Task directions: Set down every record below exactly as it stands, minus the pictures.
Segment Open
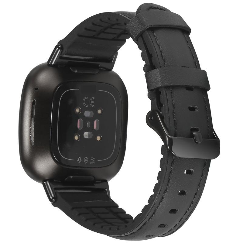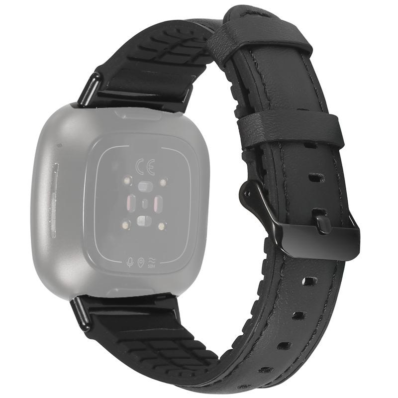 For Fitbit Versa 3 Leather + Silicone Watch Band(Black)
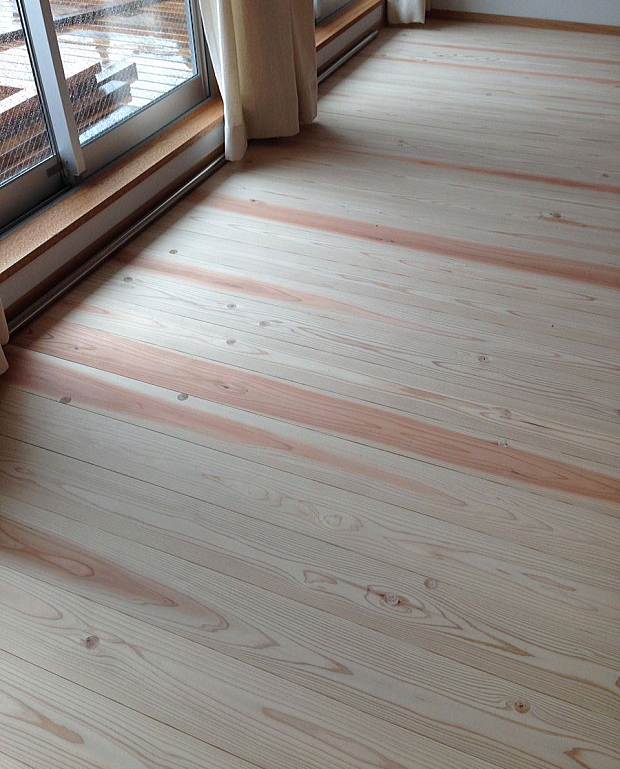 フローリングに用いる杉は主に島根県産となります。少量ですが隣接する近県産の杉も含まれます。 |
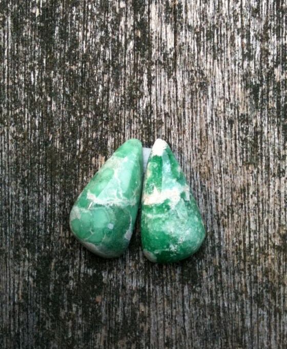 Variscite-also from the Southwest like Turquoise. The bottom pic is of a matching pair. Top pic the larger stone is roughly 1.5″ tall.
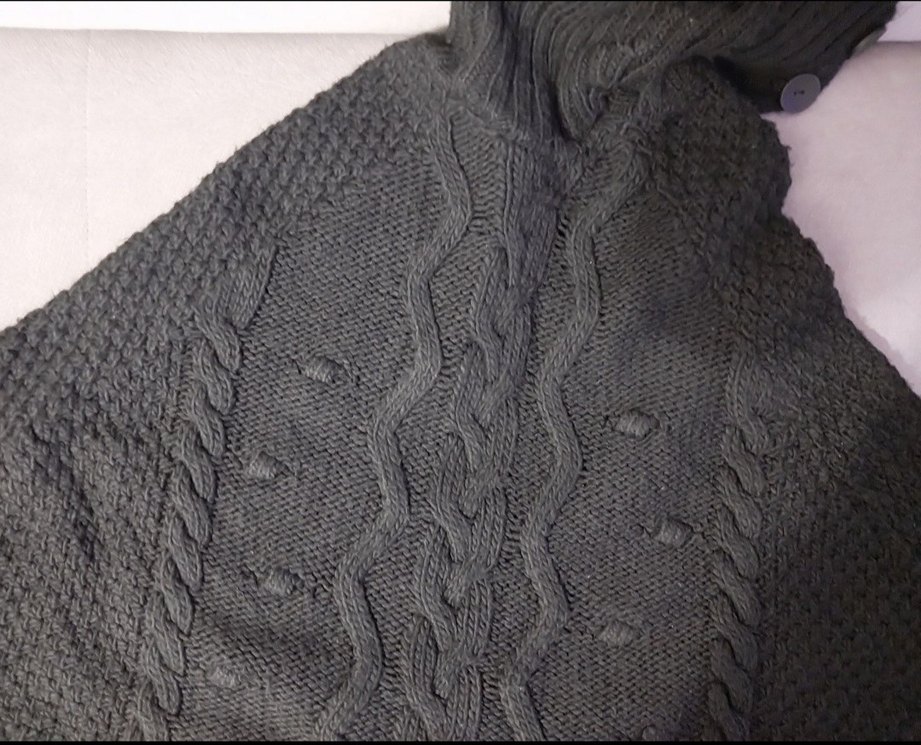 siyah , S beden ,13-16 yaş arasıkız çocukları için uyumlu ,hazır örme görünümlü panço. degaje yaka ,yakası düğme detaylı , önü örgü desenli , çok şık panço.
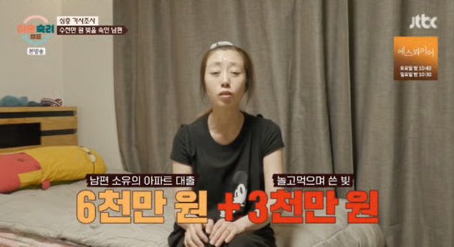하지만 임신 후 아내는 남편의 9천만원 빚을 알게 됐다고 고백했다. 아파트 대출 6천만원과 놀고 먹으며 쓴 빚 3천만원이었다. 남편은 “그때는 미래의 나한테 짐을 넘겼다. 놀면서 돈이 더 필요해서 또 대출을 받았다”며 현재 대출 이자로 최저 7%, 평균 10%, 최고 19%를 내고 있다고 털어놨다.
Segment Closed
Result of the exercise:
 For Fitbit Versa 3 Leather + Silicone Watch Band(Black)
 フローリングに用いる杉は主に島根県産となります。少量ですが隣接する近県産の杉も含まれます。 |
 Variscite-also from the Southwest like Turquoise. The bottom pic is of a matching pair. Top pic the larger stone is roughly 1.5″ tall.
 siyah , S beden ,13-16 yaş arasıkız çocukları için uyumlu ,hazır örme görünümlü panço. degaje yaka ,yakası düğme detaylı , önü örgü desenli , çok şık panço.
하지만 임신 후 아내는 남편의 9천만원 빚을 알게 됐다고 고백했다. 아파트 대출 6천만원과 놀고 먹으며 쓴 빚 3천만원이었다. 남편은 “그때는 미래의 나한테 짐을 넘겼다. 놀면서 돈이 더 필요해서 또 대출을 받았다”며 현재 대출 이자로 최저 7%, 평균 10%, 최고 19%를 내고 있다고 털어놨다.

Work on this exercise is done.